Let me leave you with a few questions to wrestle with this week. One, do you have a relationship with Jesus? Does his Spirit bear witness with yours, that you are his? It’s not at all … The point of this is not at all, “Well, sometimes I get discouraged or sometimes I feel distracted.” That’s not what I’m … But do you have a relationship with Jesus? Because Jesus is going to walk with you, discipling patiently, like he does with the disciples who are such doofuses. We’re going to continue to see this through Mark. They just don’t get it. And I love them, because Jesus is so patient with them. Are you in a relationship with Jesus? He will patiently disciple your ears, making you a listener.
Are you paying attention to what you hear? Verse 24, remember, “The measure you use it, it will be measured to you.” Meaning, your Father is generously giving you truth, promises that are (Augustine) “firm promises,” things you can really count on, in contrast to our fickle inner voice. What are you doing with those? What are you doing to cultivate those? What are you doing to tune your ear so you can distinguish the lies that are in us and around us from the truth? That’s a huge part of discipleship. Pay attention.
If the Spirit speaks to you, if he has spoken to you this morning, he’s taken his Word and he’s spoken to a part of your heart, and you don’t have any plan in mind right now to interact with someone you’re living life with about this, pray over with someone about this, or explore further, seek counsel, memorize the passage. If you have no plan in mind to pay attention to what he’s said to you, don’t be surprised if you don’t hear from him. Do something with what he’s saying now, and he will give you more. That’s how it works.
Will you resist the temptation to size up your growth? Our inner voice is constantly inviting us, tempting us to see how we measure up to this standard we’ve created in our mind, how far we should be by this point, measure up to other people. And that’s not the standard by which we evaluate ourselves. It is super discouraging.
And then are you praying to the God of the mustard seed? I don’t know why this week I’ve had in my head (because I didn’t even know this song) “Little Is Much When God Is in It.” I must have heard it in a former life or something. But it is so true.
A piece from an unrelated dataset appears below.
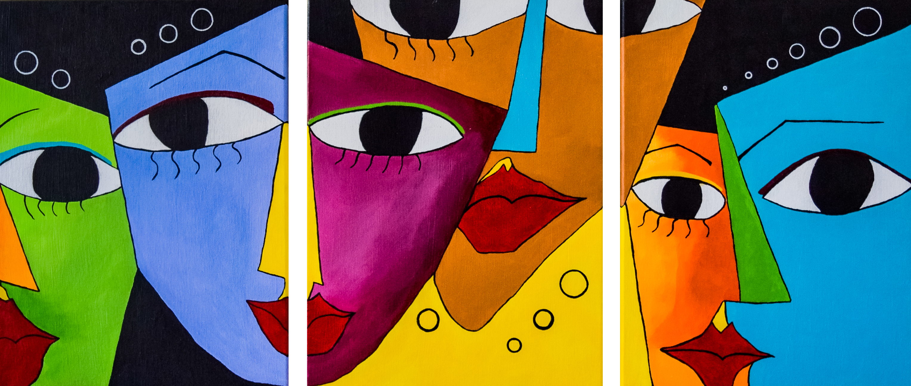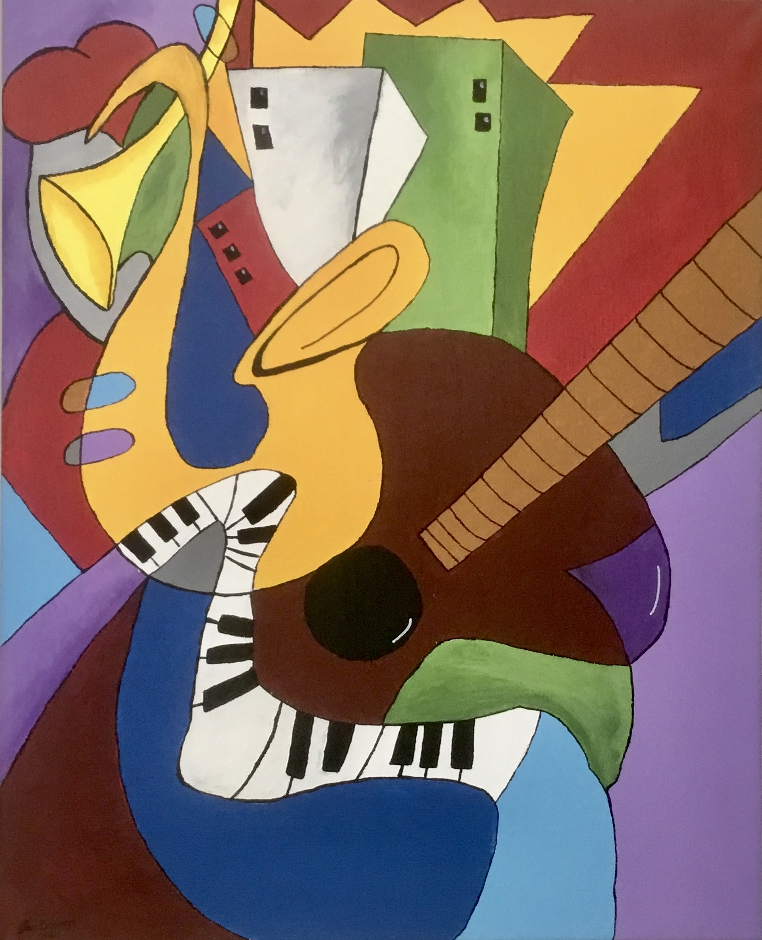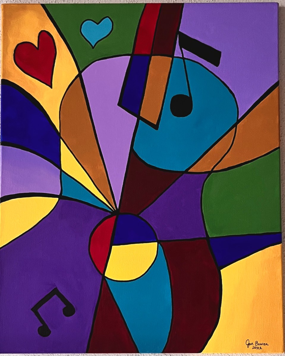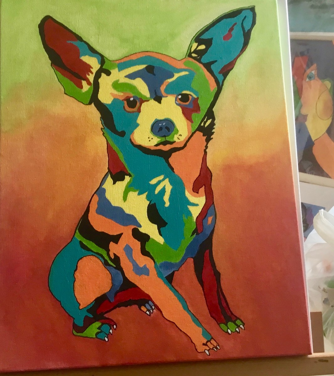 My paintings are acrylic on canvas unless otherwise noted. The brilliant colors and whimsical shapes are influenced by the warmth and festivity of Mexico. Paintings are shipped on a stretcher, ready to frame or hang. If you would like more photos before purchasing, please ask.

Little is much when God is in it. So many of us right now may feel very little, very powerless, very weak, very unsuccessful in a spiritual sense. And Jesus is telling us from these parables that God loves to bring big harvests out of small people and small places.
Let’s pray. Jesus, thank you for patiently, patiently training our ears, tuning our hearts to hear your voice. There are so many voices around us, there are so many voices within us. We are easily deceived, and yet your Word is truth. So, Father, we have paused in our day today and gathered together, not because we have our act together, but because we know we need to hear from you. We need to tune our hearts to your Word.
We thank you that your Spirit takes your Word and applies it so specifically to our lives. We thank you for a community of brothers and sisters we get to walk through this with. Thank you for the many conversations and prayers this past week and many conversations and prayers this next week as we seek to hear well what you have spoken to us. Lord, we don’t want to be mindless hard-hearted hearers. We want to receive what you have for us, embrace it in faith, and then watch it beneath the mud of our lives begin to germinate and bear fruit. Lord, this miracle is so beautiful, so unexplainable. And you get all the glory. Thank you, God, that you’re doing that right now. Thank you that you will continue as we go from here later on and as we continue to soak in your words. Lord, you are doing these miracles for your glory. May your kingdom come. In Jesus’ name, amen.